Читаем Записки о Михаиле Булгакове полностью

После смерти Е. С. денег за булгаковское наследие С. Е. Шиловский, по-видимому, практически не получал. Разве что небольшую сумму — из Библиотеки Ленина, куда передал остаток материнского архива. И по тому, как он отдал этот архив, не торгуясь — все, что было, за то, что дали, — видно, что, унаследовав от матери ее пренебрежение к деньгам, он, увы, не унаследовал ее деловитости. Ибо Елена Сергеевна за такую мизерную сумму архив не отдала бы. Не из жадности — из гордости.

Поэты посвящали ей стихи. Большие поэты — очень хорошие стихи. (Впрочем, это отдельная тема.) Но она переписала своею рукой и сохранила, вложив в дневник, посвященные ей бедные стишки Николая Доризо: «...Мастер и Маргарита, Бег, Театральный роман. / Все, что теперь знаменито, кануло б в океан... / Вы понимали, с кем жили. / Русский поклон вам земной! Каждой строкой дорожили / В книжке его записной». Стихотворение заканчивалось простодушно эффектной фразой: «Вы и посмертная слава — две его верных вдовы...»

Она хотела признания — этого. Она хотела праздника — этого.

Но праздник получался какой-то странный.

Собственно говоря, публикации прекратились: загадочным образом не шла сатира.

Однажды, в конце 1967 года, Е. С. бурно рассердилась на меня: я так ничего и не сделала к этому времени для публикации Булгакова. То ли дело некто Бараев, главный редактор (или заместитель редактора) журнала «Байкал», выходившего в Улан-Удэ, далеко за Уралом. Бараев приехал и с восторгом взял у нее «Зойкину квартиру» для публикации в своем журнале! Бесполезно было говорить, что у меня, в отличие от Бараева, нет журнала. И Бараев, у которого был журнал, «Зойкину квартиру» опубликовать не смог. Несмотря даже на то, что в предшествующем событию номере журнала («Байкал», 1968, № 2) дал объявление о предстоящей публикации. Объявление вышло в свет. Пьеса — нет.
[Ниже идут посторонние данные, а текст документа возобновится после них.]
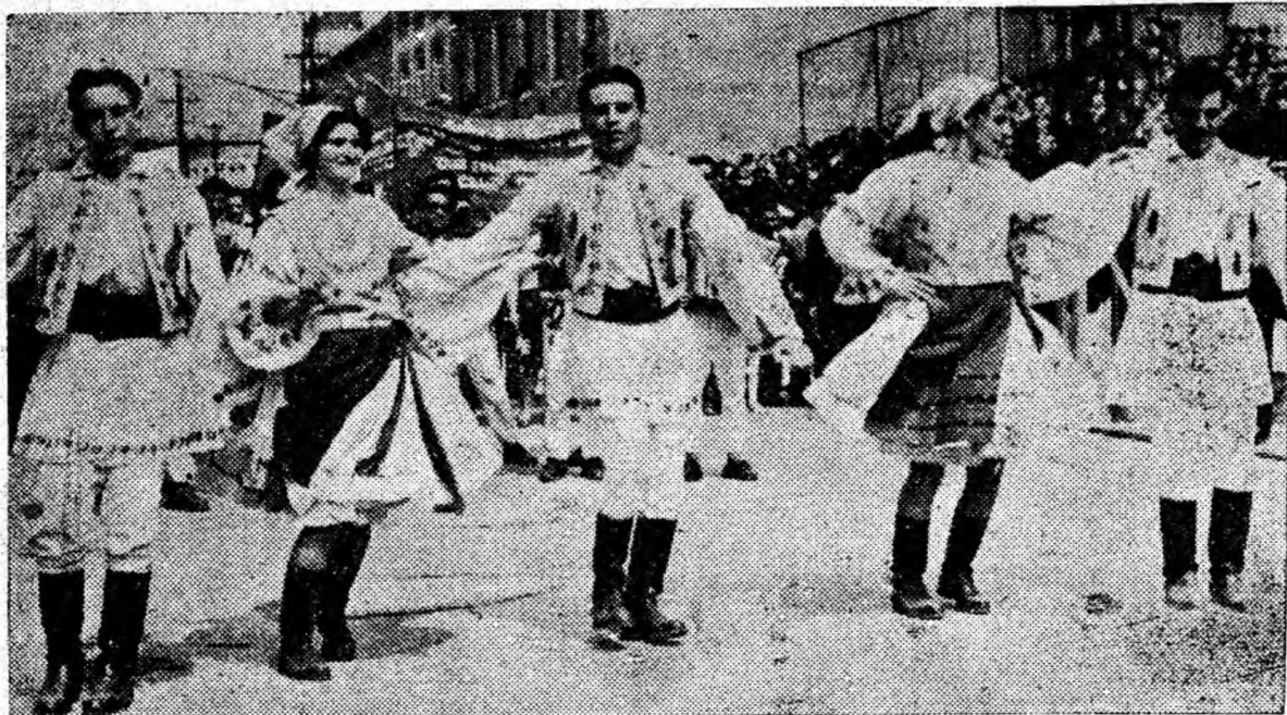
o formație de dansuri executînd în fața tribunei un joc popular de pe platurile regiunii noastre.

Упорно застревала «Адам и Ева». Не то с 1964 года, не то даже с 1963-го я писала для Елены Сергеевны жизнерадостные, долженствовавшие успокоить цензуру, аннотации на эту пьесу. Плевала цензура на мои аннотации... Елена Сергеевна попробовала слегка изуродовать пьесу, приделав ей благополучную концовку — дескать, героям все это приснилось. Помнила, что такая концовка, написанная самим Булгаковым, когда-то чуть не спасла комедию «Иван Васильевич»... Не помогла концовка.
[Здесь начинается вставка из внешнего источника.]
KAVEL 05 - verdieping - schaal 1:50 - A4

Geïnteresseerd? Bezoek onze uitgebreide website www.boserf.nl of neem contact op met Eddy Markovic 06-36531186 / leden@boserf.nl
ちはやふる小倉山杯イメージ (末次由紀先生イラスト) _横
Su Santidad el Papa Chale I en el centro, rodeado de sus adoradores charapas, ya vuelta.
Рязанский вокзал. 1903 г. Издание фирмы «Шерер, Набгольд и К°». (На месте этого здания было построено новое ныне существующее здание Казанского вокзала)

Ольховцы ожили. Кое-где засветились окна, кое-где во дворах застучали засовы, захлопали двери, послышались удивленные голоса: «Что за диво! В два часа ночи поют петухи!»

«Мастер»? Но роман «Мастер и Маргарита» шел по России искромсанный купюрами, и ее не утешало то, что за границами СССР, на всех языках мира, он издавался и переиздавался неповрежденным. «Я Мише клятву дала!..» — обескураженно повторяла она. «Для меня самое важное в жизни — это издание у нас в России полного Мастера. Я дала клятву Мих. Аф. перед его смертью», — ее запись в дневнике 9 декабря 1969 года (562.30.3.) И еще позже, 9 января 1970-го, в письме к одному из ее корреспондентов: «Я бы отдала в любое издательство, если бы взялись напечатать отдельной книгой, полного, без купюр, Мастера. Тем более что на эти купюры имеется виза Главлита» («Воспоминания о Михаиле Булгакове», с.320).
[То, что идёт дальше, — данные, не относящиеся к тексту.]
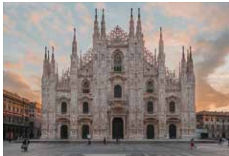
Via Daniele Crespi, 9

L'IBZ è presente a Bologna e Milano, le città universitarie preferite dagli studenti , e le sue sedi sono collocate in quartieri e contesti di pregio, con tutti i servizi utili agli studenti, facilmente raggiungibili tramite i sistemi di trasporto pubblico e privato.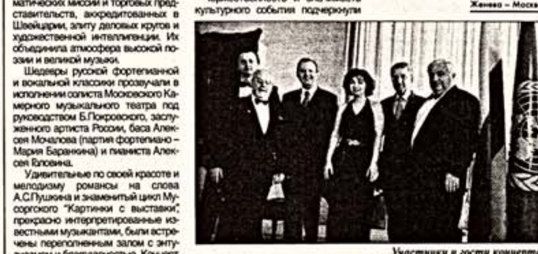
Участники и гости концерта

Уже не первый год крупнейшие европейские столицы принимают у себя участников международного музыкального проекта "Российские миссии".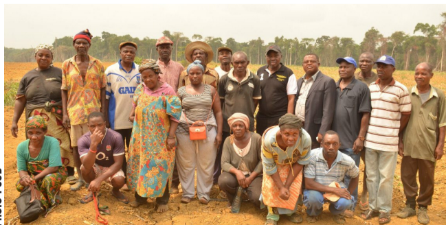
... et ici en compagnie des membres de la coopérative "Terre Promise" de Nzing Meyong.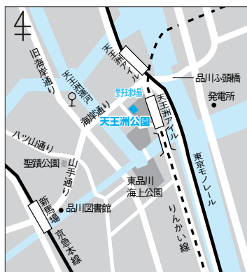
天王洲公園野球場(東品川2-6)

Еще больше ее волновала судьба другой вещи, которой — судя по всему — должен был открыть дорогу роман «Мастер и Маргарита». «Собачье сердце»! Очередь теперь была за этой повестью. И К. М. Симонов, «пробивший» «Мастера», а теперь увлеченный повестью, обещал сделать все, чтобы она вышла в свет («Подумаем хорошенько, чтобы никакая хоть малая капля дегтя не испортила нам все дело»... «И Мастер полный выйдет и постепенно все. И Собачье сердце выйдет, надо немного переждать». — Записи Е. С. 14 и 18 июня 1967 года, ОР БЛ—РГБ, 562.30.1.)

Но «переждать» не удалось. Случилось непредвиденное и непоправимое: повесть ушла на Запад. Непредвиденное — поскольку Е. С. не передавала повесть для издания посторонним. Непоправимое? Видите ли, в СССР было жесткое правило, почти закон: издание сочинения советского автора за рубежом, без разрешения Главлита и «Международной книги», автоматически означало запрещение этого сочинения в СССР.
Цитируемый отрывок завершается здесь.